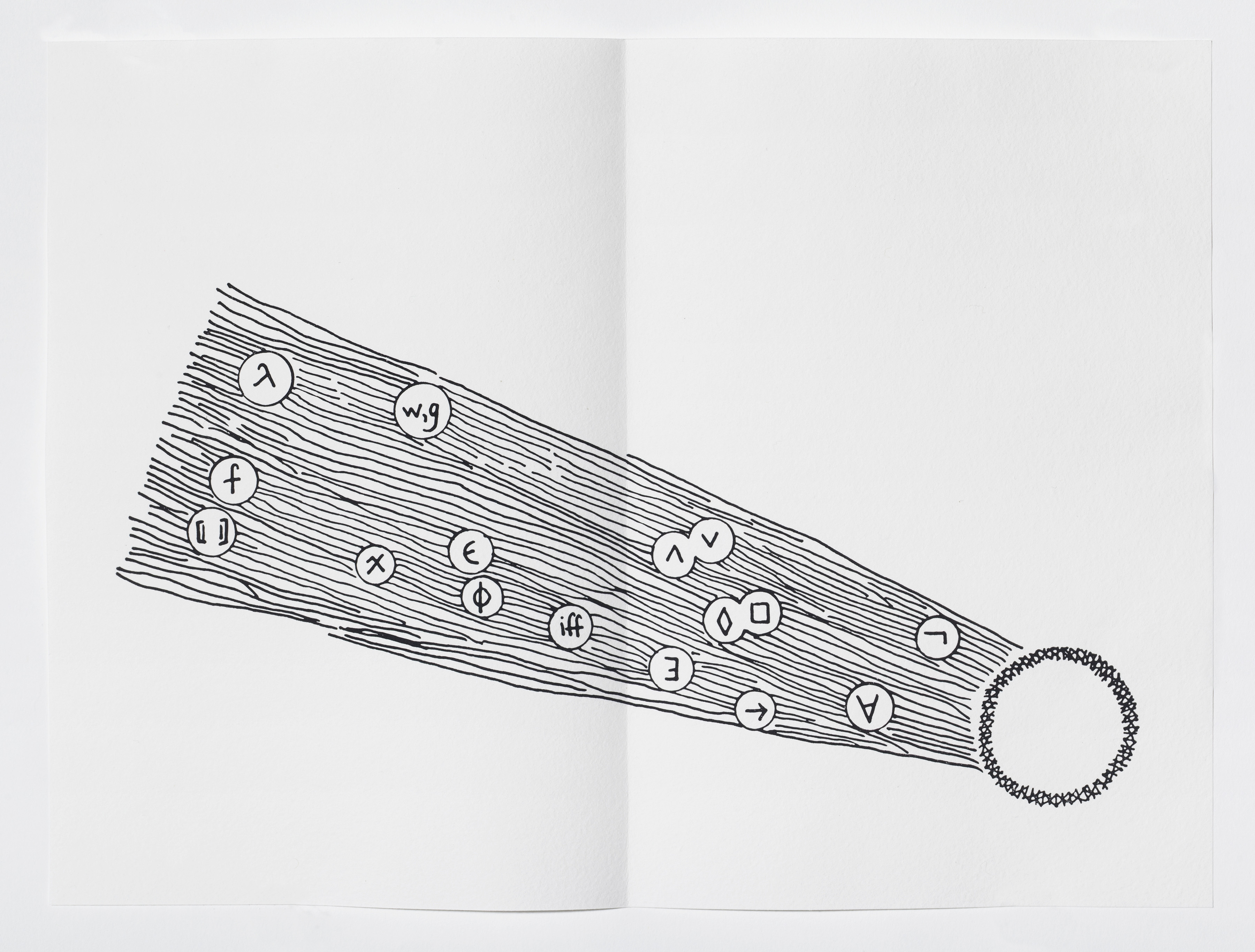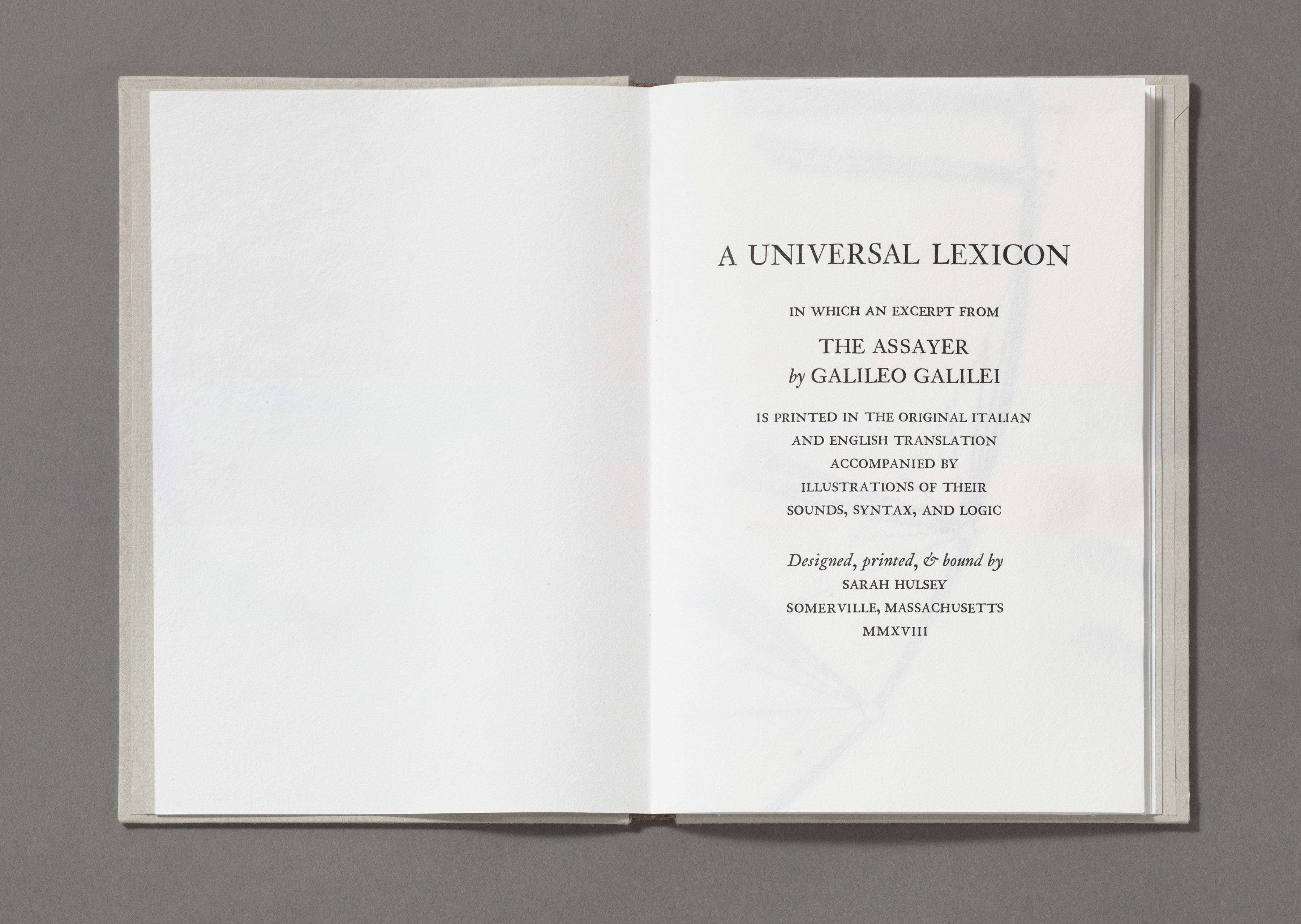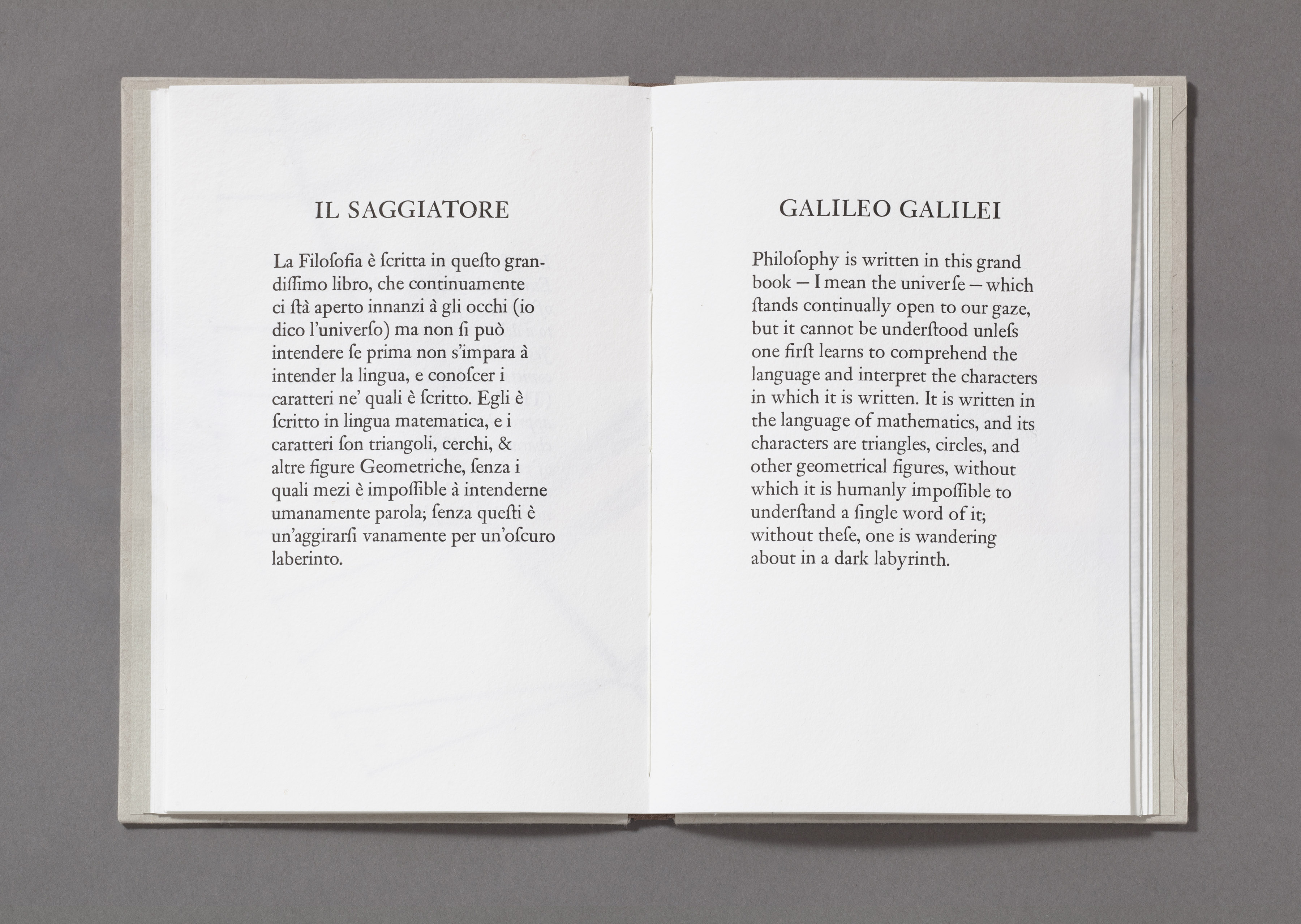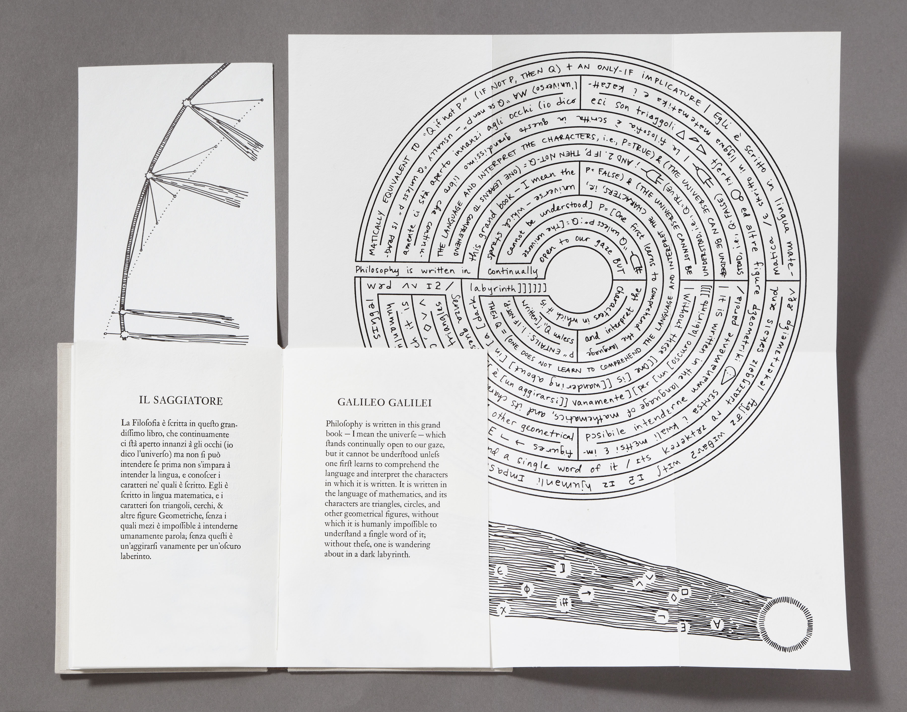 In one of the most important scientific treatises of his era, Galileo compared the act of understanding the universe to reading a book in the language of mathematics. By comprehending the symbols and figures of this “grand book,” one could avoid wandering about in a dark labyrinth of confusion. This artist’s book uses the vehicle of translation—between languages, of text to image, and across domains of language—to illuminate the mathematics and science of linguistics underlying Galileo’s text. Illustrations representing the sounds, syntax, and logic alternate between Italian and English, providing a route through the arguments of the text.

━━━━━━━━━━━━━━━━

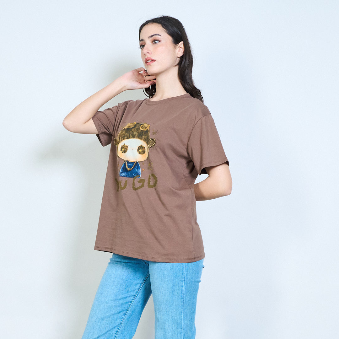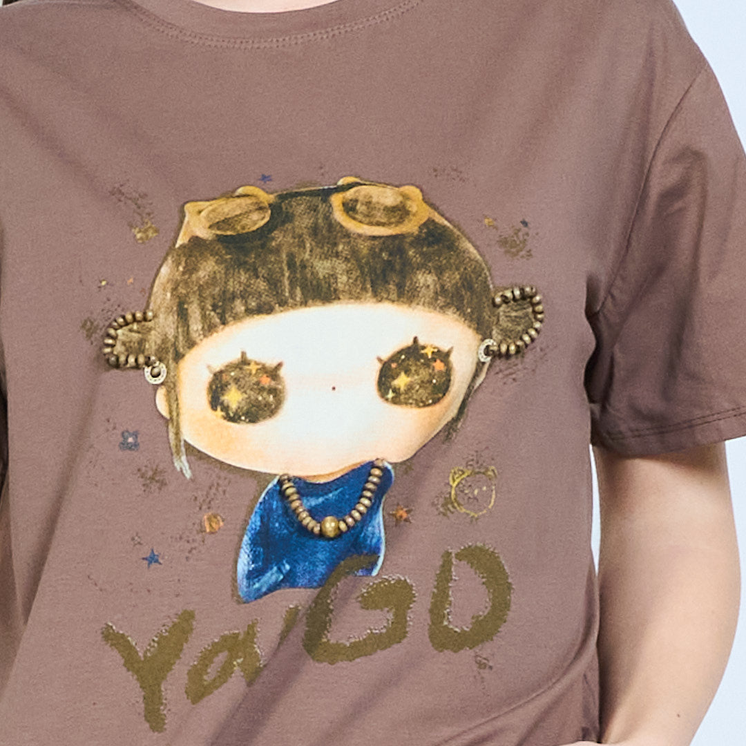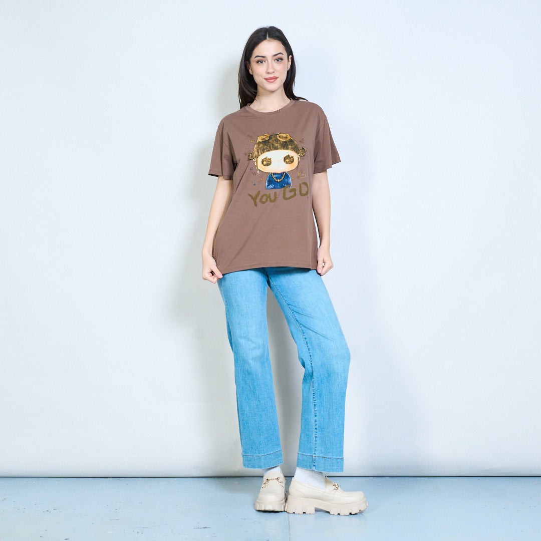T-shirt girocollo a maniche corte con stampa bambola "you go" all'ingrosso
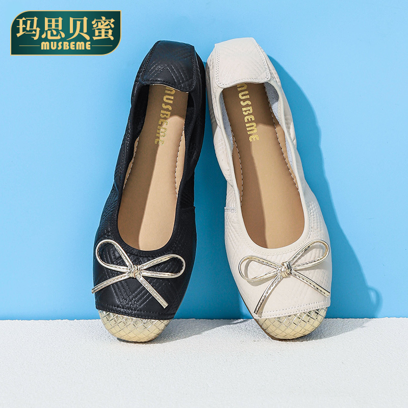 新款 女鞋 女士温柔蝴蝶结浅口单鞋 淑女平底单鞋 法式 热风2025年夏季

━━━━━━━━━━━━━━━━

→ ABOUT THIS TASK: Within these entries, output exactly the lines starting at the one with "T-shirt girocollo a" and finishing at the one with "新款 女鞋 女士温柔蝴蝶结浅口单鞋 淑女平底单鞋 法式 热风2025年夏季". Leave pictures out of the output.

→ ANSWER FOR THIS EXERCISE:
T-shirt girocollo a maniche corte con stampa bambola "you go" all'ingrosso
 新款 女鞋 女士温柔蝴蝶结浅口单鞋 淑女平底单鞋 法式 热风2025年夏季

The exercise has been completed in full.